Work instruction:
Your answer should hold exactly the lines below from the line with "Subwoofer box is" through the line with "43 balboa coves", both included, and no pictures at all.

Given records:
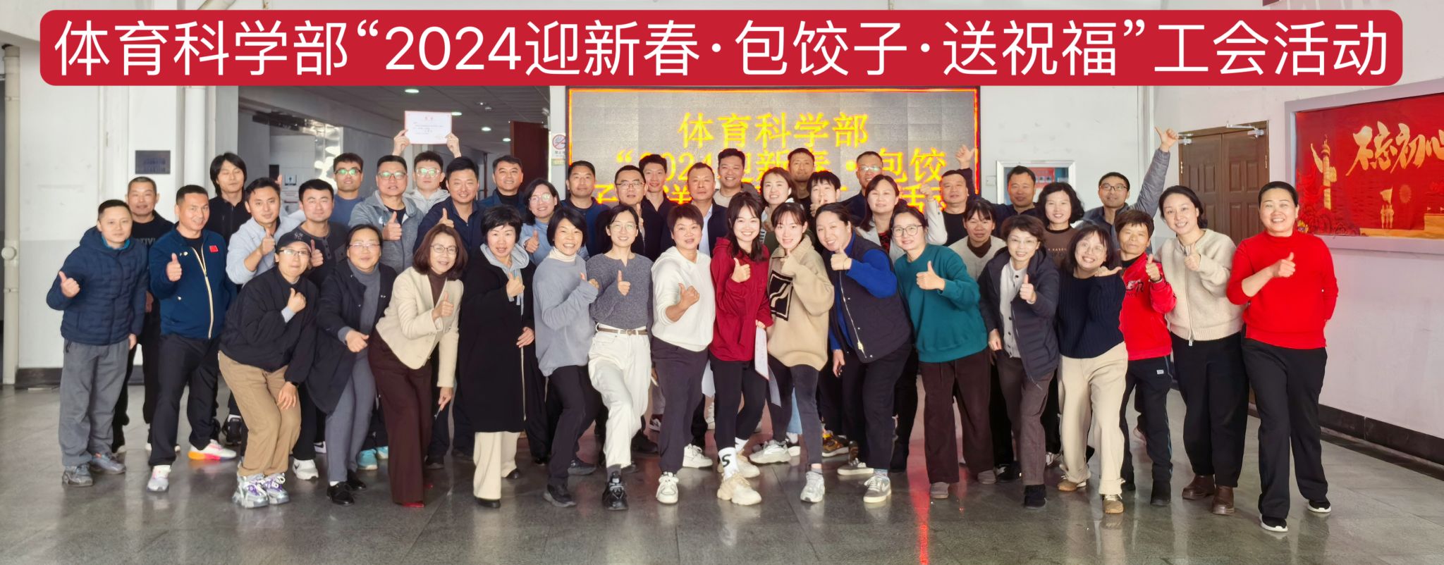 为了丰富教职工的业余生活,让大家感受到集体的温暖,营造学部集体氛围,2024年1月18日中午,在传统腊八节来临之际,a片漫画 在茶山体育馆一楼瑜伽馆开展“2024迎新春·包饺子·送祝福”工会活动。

* * *

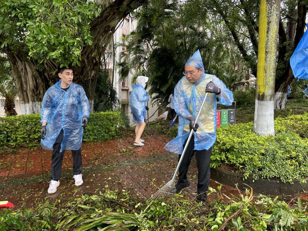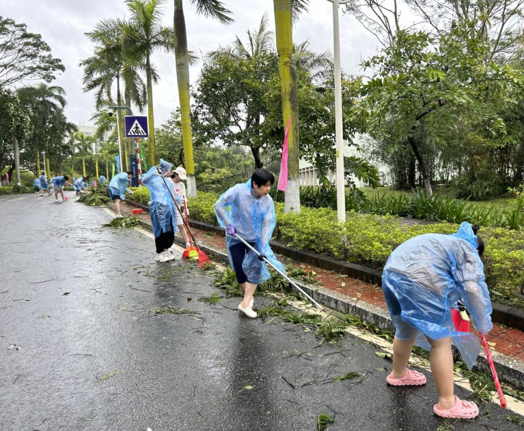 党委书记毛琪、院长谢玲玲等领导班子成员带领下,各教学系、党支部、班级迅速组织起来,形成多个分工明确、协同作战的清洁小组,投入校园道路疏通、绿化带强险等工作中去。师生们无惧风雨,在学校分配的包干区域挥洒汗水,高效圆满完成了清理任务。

==

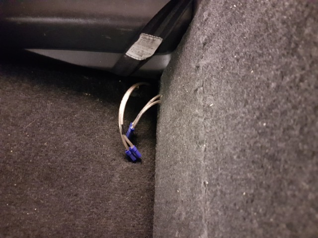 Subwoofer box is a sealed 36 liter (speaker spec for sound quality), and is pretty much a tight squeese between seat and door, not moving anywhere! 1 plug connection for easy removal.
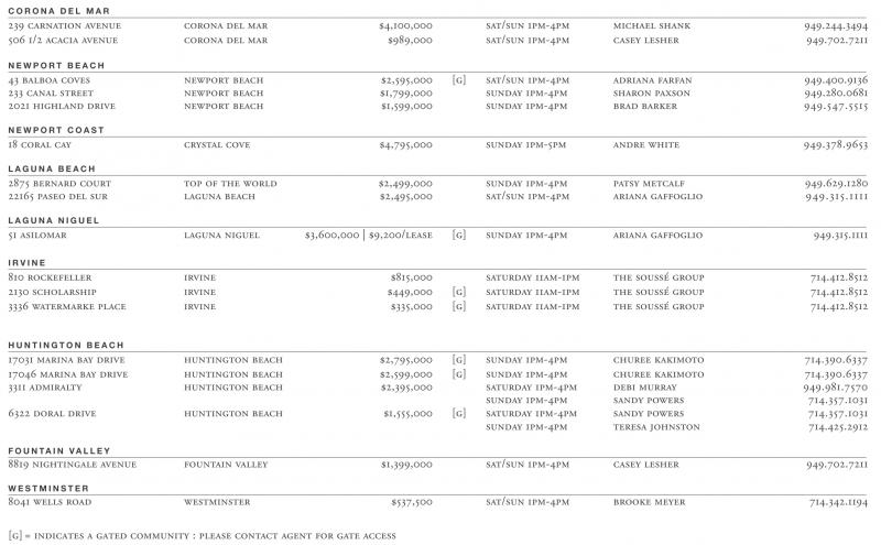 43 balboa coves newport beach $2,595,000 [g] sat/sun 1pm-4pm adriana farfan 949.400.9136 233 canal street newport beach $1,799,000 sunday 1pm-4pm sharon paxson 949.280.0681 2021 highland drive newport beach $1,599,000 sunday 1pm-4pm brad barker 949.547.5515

Reply:
 Subwoofer box is a sealed 36 liter (speaker spec for sound quality), and is pretty much a tight squeese between seat and door, not moving anywhere! 1 plug connection for easy removal.
 43 balboa coves newport beach $2,595,000 [g] sat/sun 1pm-4pm adriana farfan 949.400.9136 233 canal street newport beach $1,799,000 sunday 1pm-4pm sharon paxson 949.280.0681 2021 highland drive newport beach $1,599,000 sunday 1pm-4pm brad barker 949.547.5515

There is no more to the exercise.